Stanford Scholars find AI Detectors Unfairly Penalize Non-Native English Speakers
Scholar warns against placing trust in unreliable and easily manipulated detectors.
A new study from Stanford scholars has revealed that AI detectors, designed to detect content written by AI, are biased against non-native English writers. The research found that the detectors were near-perfect in evaluating essays written by U.S.-born eighth-graders, but classified more than half of TOEFL essays (61.22%) written by non-native English students as AI-generated. In addition, all seven AI detectors unanimously identified 18 of the 91 TOEFL student essays (19%) as AI-generated and a remarkable 89 of the 91 TOEFL essays (97%) were flagged by at least one of the detectors.

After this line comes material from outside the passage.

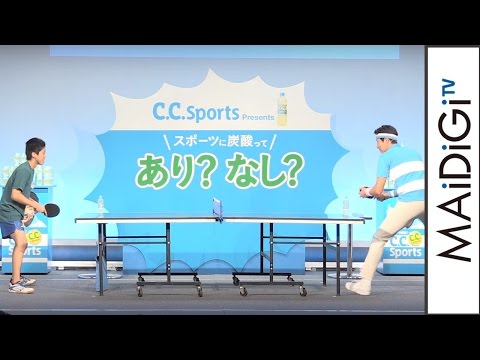 松岡さんは、卓球とバドミントンのジュニア選手とともに真剣勝負を行って、スポーツ中の炭酸がありかなしか、実際に飲んで検証した。松岡さんは、卓球のジュニア選手との試合では、「新常識で戦おう。5ポイント先取で、そっちは(速いスピードで)決めちゃいけない」「試合中は音楽いらないよ!」「こっちが全部サーブ、回転かけないで」と、どんどんハンデを要求して、「いい試合になってきたぞ」とつぶやいて、会場の笑いを誘った。

Image: Bias in GPT detectors against non-native English writing samples.
Issue with AI Detectors
The issue lies in how these detectors detect AI; they typically score based on a metric known as ‘perplexity’, which correlates with the sophistication of the writing – something in which non-native speakers are naturally going to trail their U.S.-born counterparts. As such, this raises serious questions about the objectivity of Artificial Intelligence detectors and the potential for foreign-born students and workers to be unfairly accused or penalized for cheating.
Potential Subversion of AI Detectors
The findings of the study have indicated that these detectors can be easily circumvented by the use of prompt engineering, which involves the application of generative AI to rephrase essays in order to incorporate more elaborate vocabulary. This renders them even less dependable and raises further moral quandaries.

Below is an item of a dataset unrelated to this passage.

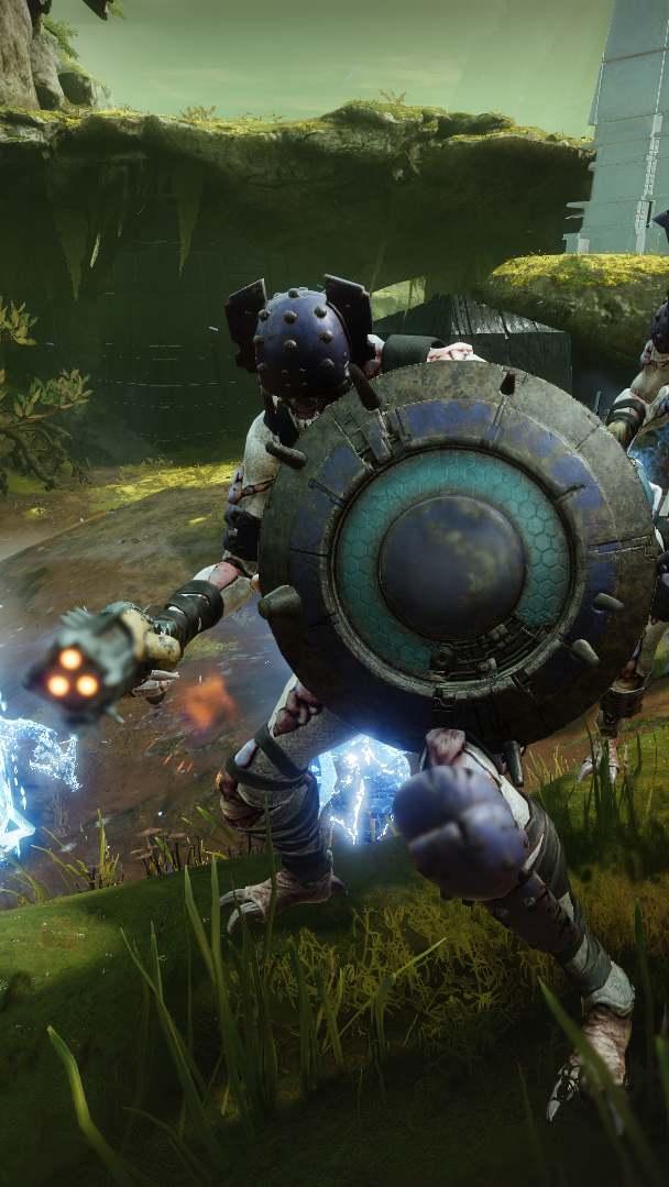 This image is a screenshot of a character or AI unit from the Destiny series of first-person shooter video games developed by Bungie Studios and published by Bungie or Activision. It falls under the screenshot category for a copyrighted computer game or video game, and the copyright for it is most likely held by the company that developed the game. It is believed that the use of a limited number of web-resolution screenshots:

Professor James Zou, a senior author of the study and a Professor of Biomedical Data Science at Stanford University, has recommended that we abstain from relying on these detectors in educational settings with a high concentration of non-native English speakers until they have been thoroughly assessed and improved. Additionally, he has proposed that developers move beyond using perplexity as their primary metric and instead implement watermarks in which generative AI embeds subtle indicators of its identity into the content it generates.